WildToolBench is not available on PyPI. Install it from source:

```bash
pip install -e /path/to/WildToolBench/wild-tool-bench
pip install loongsuite-instrumentation-wildtool
```

## Requirements

- **OpenAI provider instrumentation**: To produce LLM spans, you must also enable an OpenAI provider instrumentation (e.g., `opentelemetry-instrumentation-openai` or LoongSuite's equivalent). This plugin creates ENTRY/AGENT/CHAIN/STEP/TOOL spans but does **not** create LLM spans itself.

## Usage

```python
from opentelemetry.instrumentation.wildtool import WildToolInstrumentor

WildToolInstrumentor().instrument()

# Run WildToolBench as usual — spans are automatically generated.
```

## Span Topology

```
ENTRY (enter_ai_application_system)
└── AGENT (invoke_agent wildtool)
    └── CHAIN (workflow task_{idx})
        └── STEP (react step)
            ├── [LLM span — provider instrumentation]
            └── TOOL (execute_tool {tool_name})
```

## Patch Points

| # | Target | Span Type |
|---|--------|-----------|
| P1 | `multi_threaded_inference` | ENTRY |
| P2 | `BaseHandler.inference_multi_turn` | AGENT |
| P3 | `BaseHandler.inference_and_eval_multi_step` | CHAIN + TOOL |
| P4 | `BaseHandler._request_tool_call` | STEP |
| P5 | `BaseHandler._parse_api_response` | (token extraction) |

## Round 2 fixes (see `llm-dev/execute.md` § "修订记录 (Round 2 fix)")

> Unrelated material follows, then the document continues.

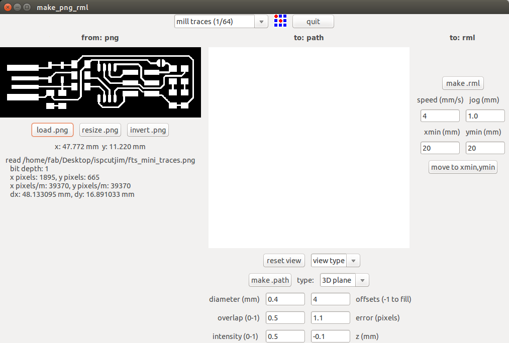 The board layout, need to be available as an image (.png) file, having black and white coloring. The black portion of the board is removed by the miller and the white portion remains as the circuit trace. The layout used for this assignments are available here.

- **H1**: TOOL span is now parented on STEP, not CHAIN. Strategy A enhanced — the chain wrapper holds a `round → STEP span` map and uses `trace.set_span_in_context(step_span)` to anchor each post-hoc TOOL span on the matching STEP. STEP `SpanContext`s remain valid parents even after `end()`.
- **H2 (provider-name fallback)**: `opentelemetry-instrumentation-openai-v2 == 0.62b1` only emits the legacy `gen_ai.system` attribute on its LLM span; the new `gen_ai.provider.name` attribute is missing. As a *pure fallback* the wildtool plugin writes both `gen_ai.system="openai"` and `gen_ai.provider.name="openai"` on the **STEP** span (not on the LLM span — that is owned by the OpenAI v2 instrumentation and we do **not** patch it). Once the OpenAI v2 instrumentation upstream emits `gen_ai.provider.name` natively this fallback can be removed.
- **M1**: CHAIN span now carries `input.value` (last user message in `inference_data["messages"]`, truncated to 4096 chars) and `output.value` (JSON of `action_name_label`/`task_idx`/`is_optimal`).
- **M2**: STEP span now carries `gen_ai.react.finish_reason` on error paths. Mapping table is in `execute.md` § "M2: gen_ai.react.finish_reason 取值映射".
- **M3**: TOOL span explicitly writes `gen_ai.tool.call.arguments` / `gen_ai.tool.call.result` / `gen_ai.tool.description`, bypassing `OTEL_INSTRUMENTATION_GENAI_CAPTURE_*` gating in `opentelemetry-util-genai`. The custom `wildtool.tool.execution_mode = "ground_truth_replay"` is preserved.